EXERCISE DIRECTIONS
Retype the data below verbatim; pictures do not belong in the copy.

+++ INPUT MATERIAL +++

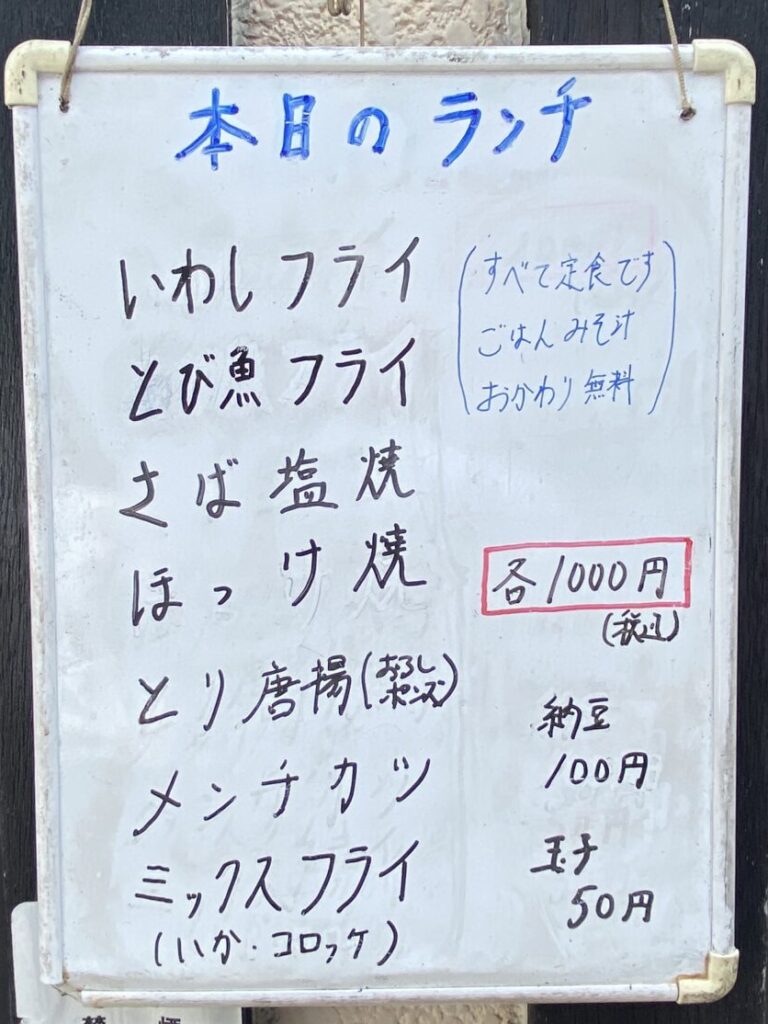 店前に掲げられたランチメニュー、すべて1000円。定食でご飯と味噌汁おかわり無料。
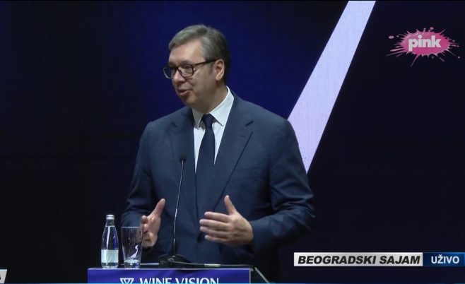 Predsednik Srbije Aleksandar Vučić na otvaranju Četvrtog međunarodnog sajma vina, hrane, rakije i turizma Vinska vizija Otvorenog Balkana na Beogradskom sajmu zahvalio na samom početku obraćanja gostima , vinarima i mladim ljudima koji ste učastvovali u organizaciji i ovog Wine Vision-a.
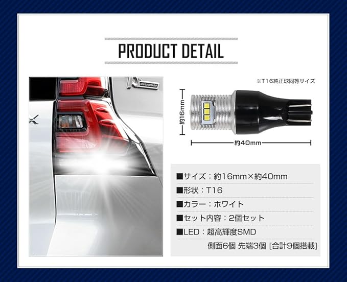 TOYOTA ランドクルーザー プラド 150系 [TRJ/GRJ/GDJ] 専用 T16 LEDバックランプ 45W 2個セット 【圧倒的な光量で後方視認性を向上】超爆光45W 560LM:超高輝度SMD LEDを9基(側面6個・先端3個)搭載。純正球を凌ぐ高い光量を実現。
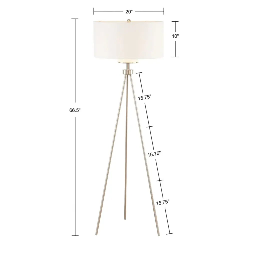 This tripod floor lamp by INK+IVY is the perfect update of urban sophistication to any room. A metal base is featured in a gold or silver finish, completed with a light grey/ cream linen fabric shade for a simple update. Features:Dimensions:
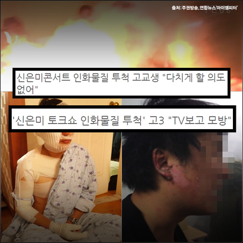 특히 오모군은 서울역 사제폭탄처럼 폭발물을 보관함 등에 넣어둔 것이 아니라 신은미라는 특정인을 향해 던지려고 하다가 제지를 받아 다른 사람을 다치게 했습니다. 만약 신은미씨의 토크콘서트 스텝이나 관계자가 막지 못했다면 아마 신은미씨가 크게 다칠 수 있었던 상황입니다.
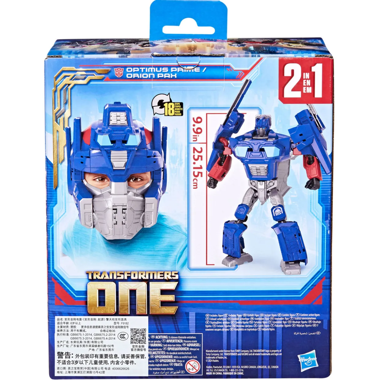 - This 9-inch Transformers Optimus Prime figure can change from a robot toy into a mask toy in 18 steps
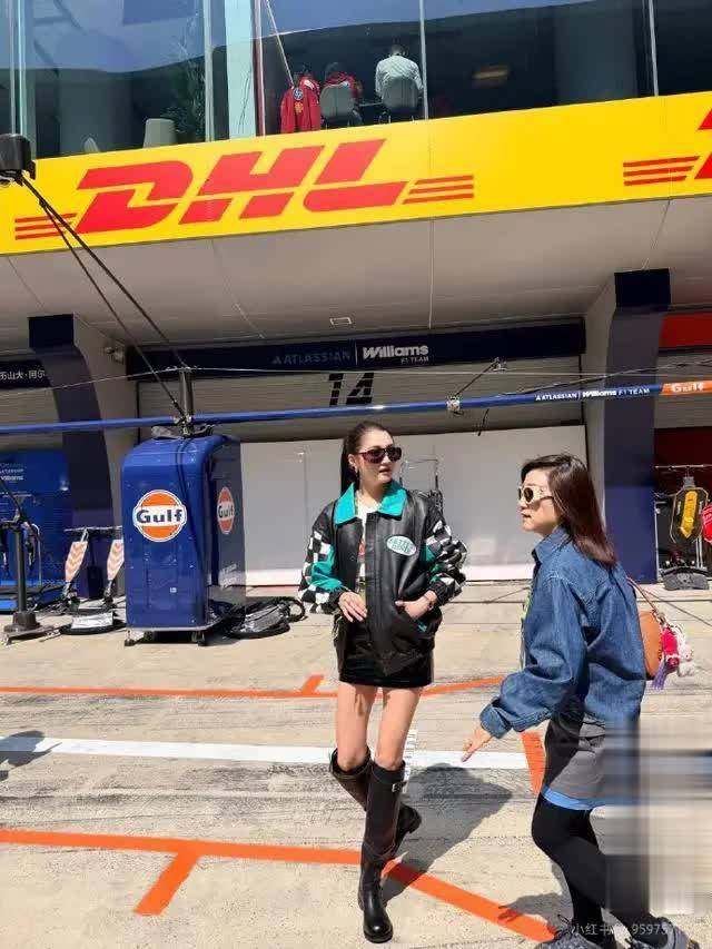 这次F1现场的穿搭,恰恰抓住了她的身材优势,简约的短裙加长筒靴,既符合赛事的氛围,又凸显了她的少女感和酷飒气质。
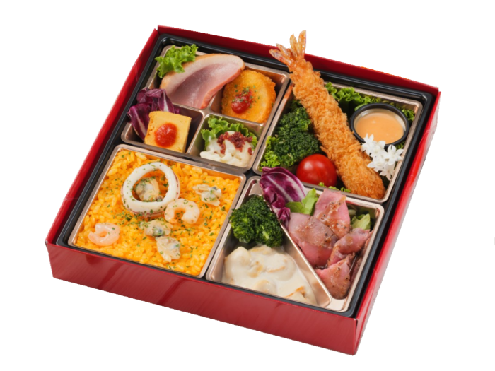 パエリア・エビフライ・ホタテのクリーム煮・当店自慢のローストビーフ等々、冷めても美味しいにこだわり抜いたワンランク上の御弁当をお楽しみください!
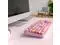 MOWUX Computer Keyboard Wired, Plug and Play USB Retro Round Typewriter Keyboard, Full Size Wired Keyboard with Foldable Stands for Laptop and Office PC- Pink Colorful
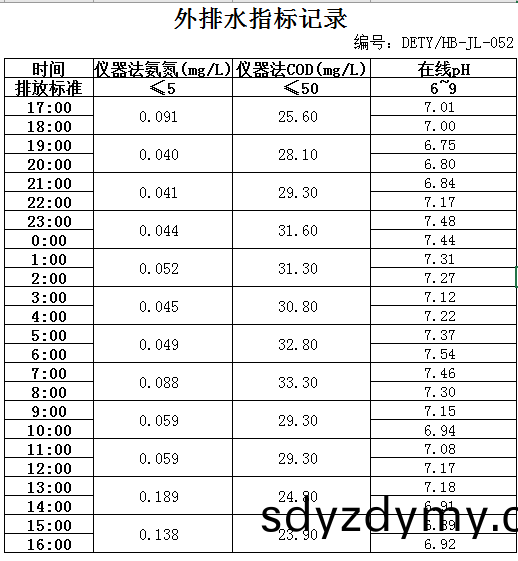 山(shan)東(dong)道恩鈦業股(gu)份(fen)有限公司(si)2020年(nian)4月(yue)6日(ri)外(wai)排(pai)水(shui)指標數(shu)據:
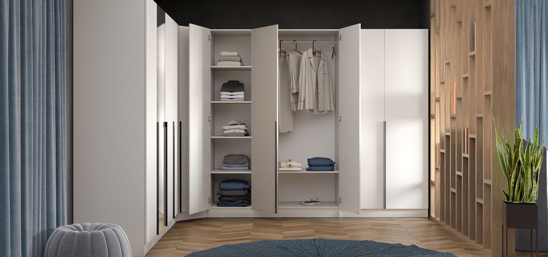 połączenie szafy klasycznej z narożną w układzie L.
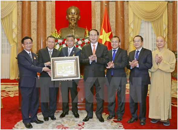 Sáng 27/3, tại Phủ Chủ tịch, Chủ tịch nước Trần Đại Quang đã có buổi tiếp Đoàn đại biểu kiều bào Việt Nam và Phật giáo An Nam tông tại Thái Lan nhân dịp đoàn về thăm và làm việc tại Việt Nam.

+++

WORKED SOLUTION
 店前に掲げられたランチメニュー、すべて1000円。定食でご飯と味噌汁おかわり無料。
 Predsednik Srbije Aleksandar Vučić na otvaranju Četvrtog međunarodnog sajma vina, hrane, rakije i turizma Vinska vizija Otvorenog Balkana na Beogradskom sajmu zahvalio na samom početku obraćanja gostima , vinarima i mladim ljudima koji ste učastvovali u organizaciji i ovog Wine Vision-a.
 TOYOTA ランドクルーザー プラド 150系 [TRJ/GRJ/GDJ] 専用 T16 LEDバックランプ 45W 2個セット 【圧倒的な光量で後方視認性を向上】超爆光45W 560LM:超高輝度SMD LEDを9基(側面6個・先端3個)搭載。純正球を凌ぐ高い光量を実現。
 This tripod floor lamp by INK+IVY is the perfect update of urban sophistication to any room. A metal base is featured in a gold or silver finish, completed with a light grey/ cream linen fabric shade for a simple update. Features:Dimensions:
 특히 오모군은 서울역 사제폭탄처럼 폭발물을 보관함 등에 넣어둔 것이 아니라 신은미라는 특정인을 향해 던지려고 하다가 제지를 받아 다른 사람을 다치게 했습니다. 만약 신은미씨의 토크콘서트 스텝이나 관계자가 막지 못했다면 아마 신은미씨가 크게 다칠 수 있었던 상황입니다.
 - This 9-inch Transformers Optimus Prime figure can change from a robot toy into a mask toy in 18 steps
 这次F1现场的穿搭,恰恰抓住了她的身材优势,简约的短裙加长筒靴,既符合赛事的氛围,又凸显了她的少女感和酷飒气质。
 パエリア・エビフライ・ホタテのクリーム煮・当店自慢のローストビーフ等々、冷めても美味しいにこだわり抜いたワンランク上の御弁当をお楽しみください!
 MOWUX Computer Keyboard Wired, Plug and Play USB Retro Round Typewriter Keyboard, Full Size Wired Keyboard with Foldable Stands for Laptop and Office PC- Pink Colorful
 山(shan)東(dong)道恩鈦業股(gu)份(fen)有限公司(si)2020年(nian)4月(yue)6日(ri)外(wai)排(pai)水(shui)指標數(shu)據:
 połączenie szafy klasycznej z narożną w układzie L.
 Sáng 27/3, tại Phủ Chủ tịch, Chủ tịch nước Trần Đại Quang đã có buổi tiếp Đoàn đại biểu kiều bào Việt Nam và Phật giáo An Nam tông tại Thái Lan nhân dịp đoàn về thăm và làm việc tại Việt Nam.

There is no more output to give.